Submission format @http://ahsoka.u-strasbg.fr/rnapuzzles/
Run
rna_tools.rna_tools.lib.RNAStructure.std_resn()
before this function to fix names.Figure: (Starting from left) input structure, structure with rebuilded atoms, and reference. The B fragment is observed in the reference used here as a “benchmark”, fragment A is reconstructed atoms (not observed in the reference”). 201122
170305 Merged with get_simrna_ready and fixing OP3 terminal added
170308 Fix missing atoms for bases, and O2’
Fig. Add missing O2’ atom (before and after).
Fig. The residue to fix is in cyan. The G base from the library in red. Atoms O4’, C2’, C1’ are shared between the sugar (in cyan) and the G base from the library (in red). These atoms are used to superimpose the G base on the sugar, and then all atoms from the base are copied to the residues.

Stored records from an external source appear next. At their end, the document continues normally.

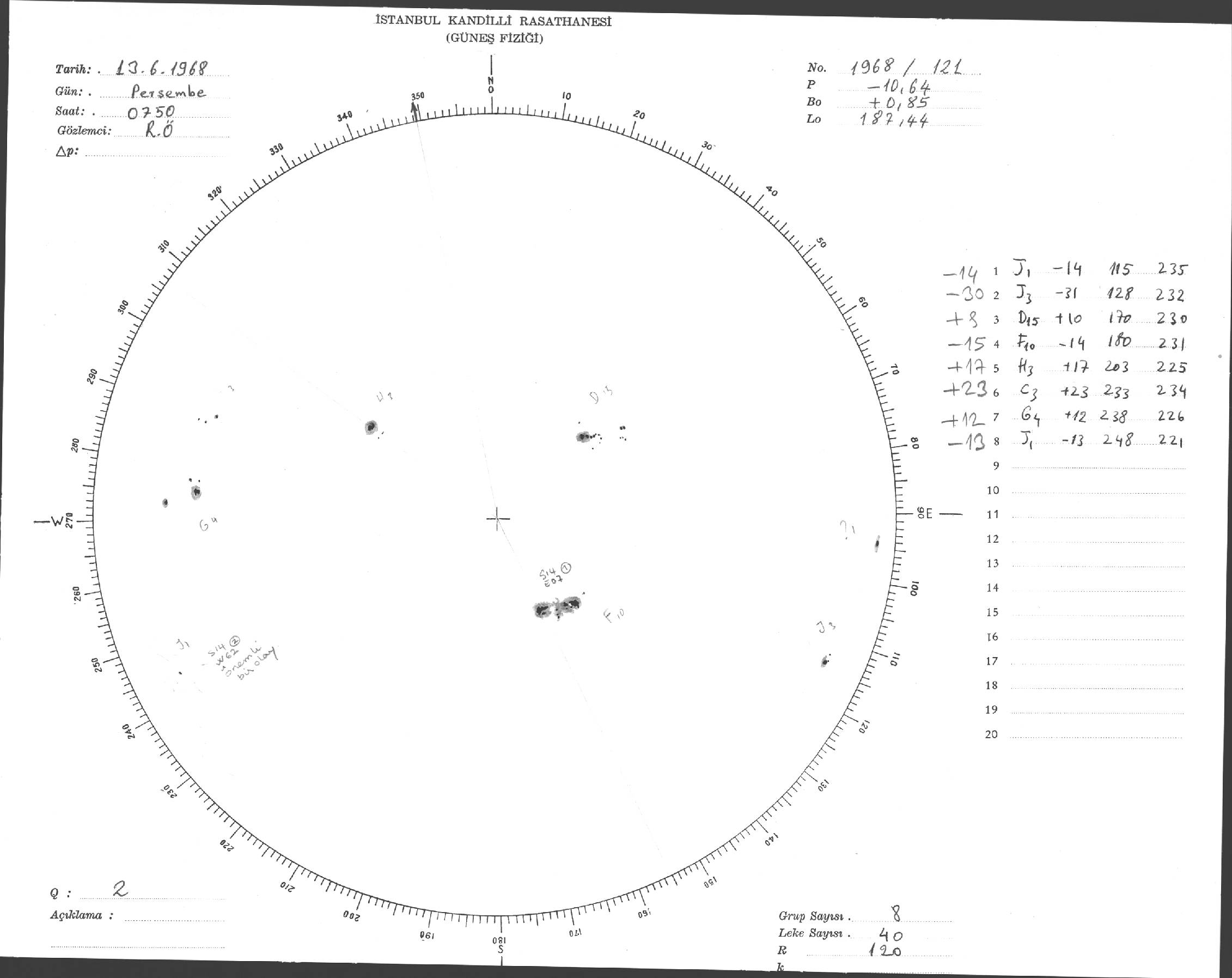 Güneş Lekesi Çizimi - 13.06.1968
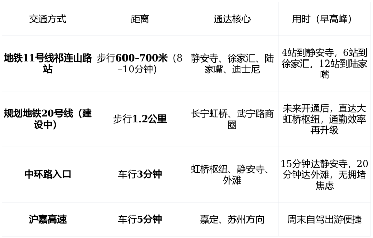 从项目出发, 步行10分钟上地铁,3分钟上中环 ,早高峰通勤效率优于普陀区90%新盘。
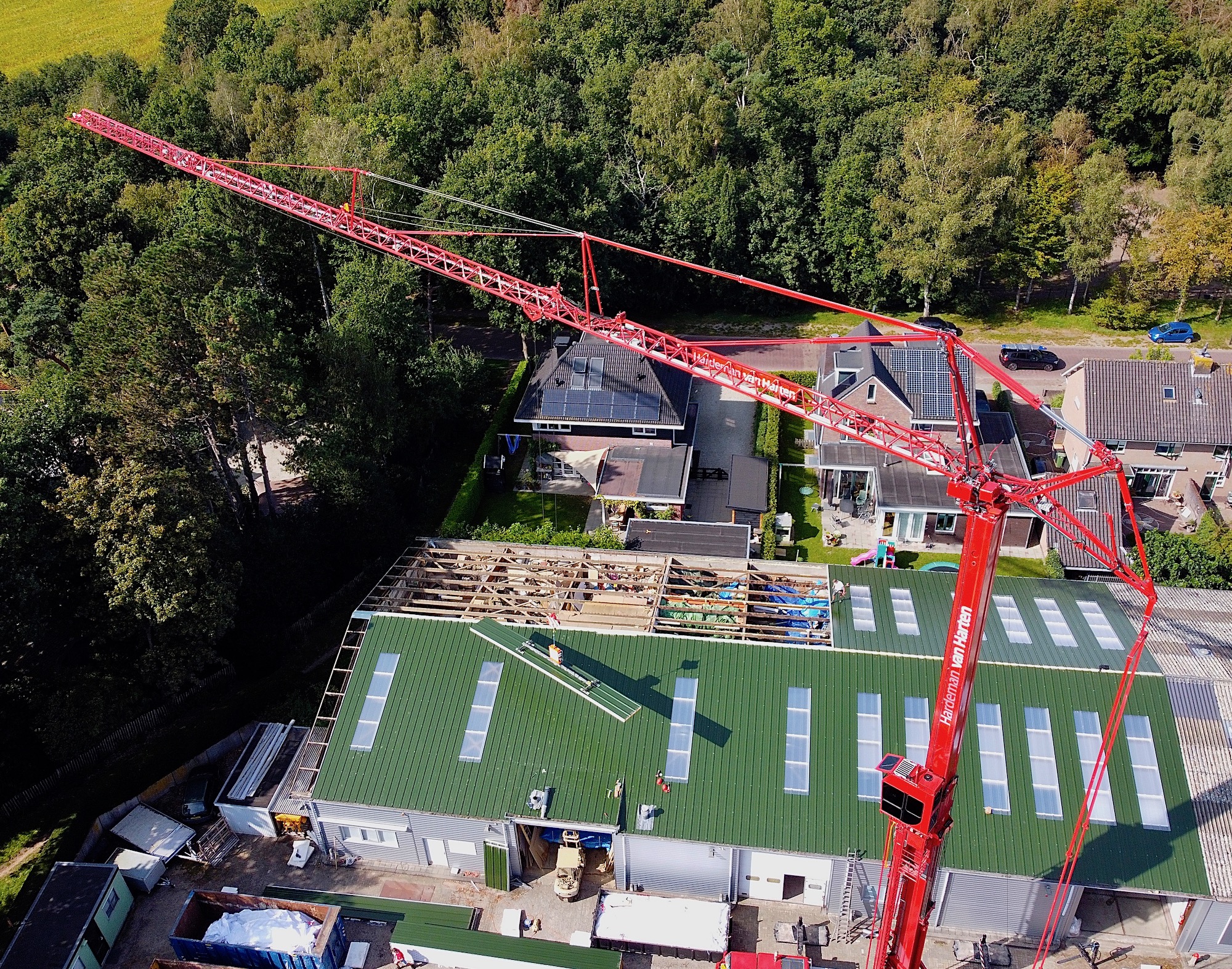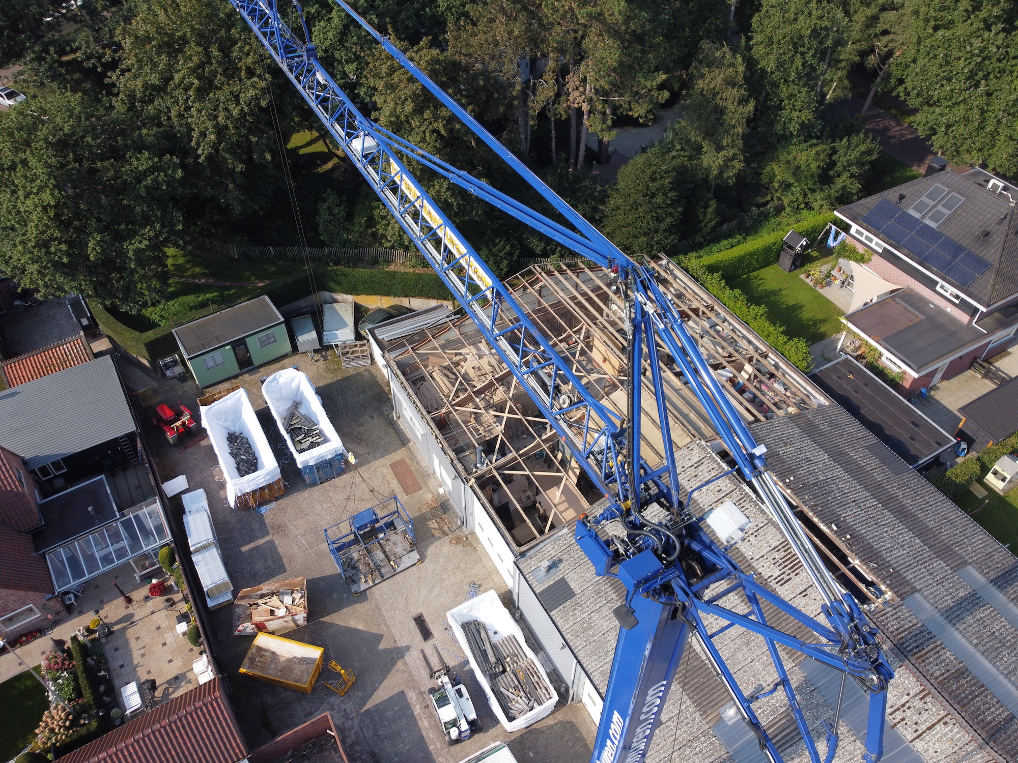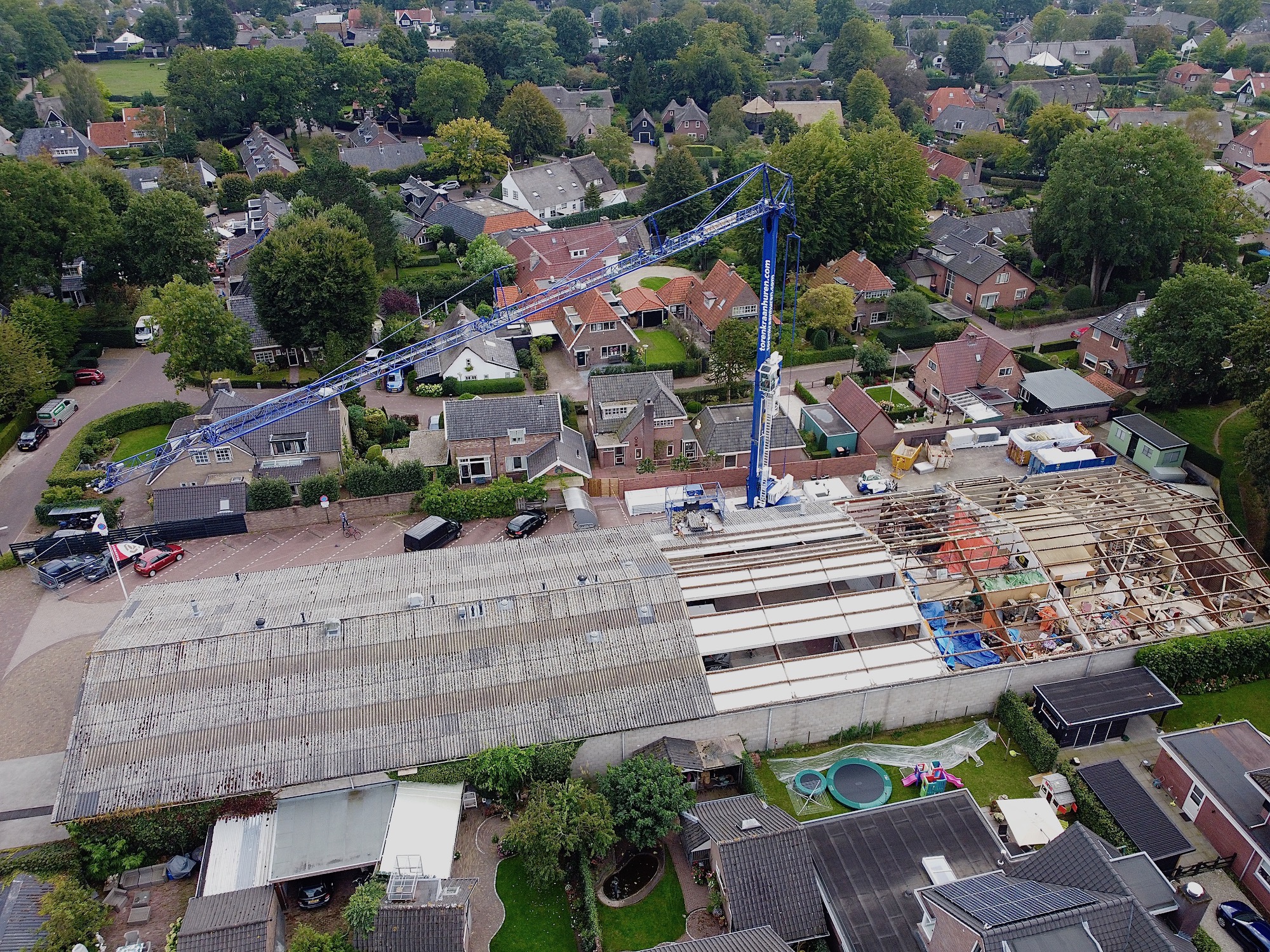 Van der Heiden krijgt een nieuw dak. De cementplaten van circa 10 jaar oud begonnen (alweer) te lekken. Nu komt er staal op, met aan de binnenkant een isolatielaag. Morgenmiddag klaar. De kraan is 30 meter hoog.

Fig. Rebuild ACGU base-less. It’s not perfect but good enough for some applications.
Warning
It was only tested with the whole base missing!
Warning
requires: Biopython
Selection of atoms:
posphate group (3x, OP1 ,P, OP2),
connector (2x O5’, C5’), /5x
sugar (5x, C4’, O4’, C3’, O3’, C1’, C2’), /10
extra oxygens from sugar (2x, O2’ O3’), for now it’s /12!
A (10x), G (11x), C (8x), U(8x), max 12+11=23
And 27 unique atoms: {‘N9’, ‘O2’, ‘OP2’, “O2’”, “O4’”, ‘C8’, “O3’”, “C1’”, ‘C2’, ‘C6’, “C5’”, ‘N6’, ‘C5’, “C4’”, ‘C4’, “O5’”, “C3’”, ‘O6’, ‘N2’, ‘N7’, ‘OP1’, ‘N1’, ‘N4’, ‘P’, “C2’”, ‘N3’, ‘O4’}.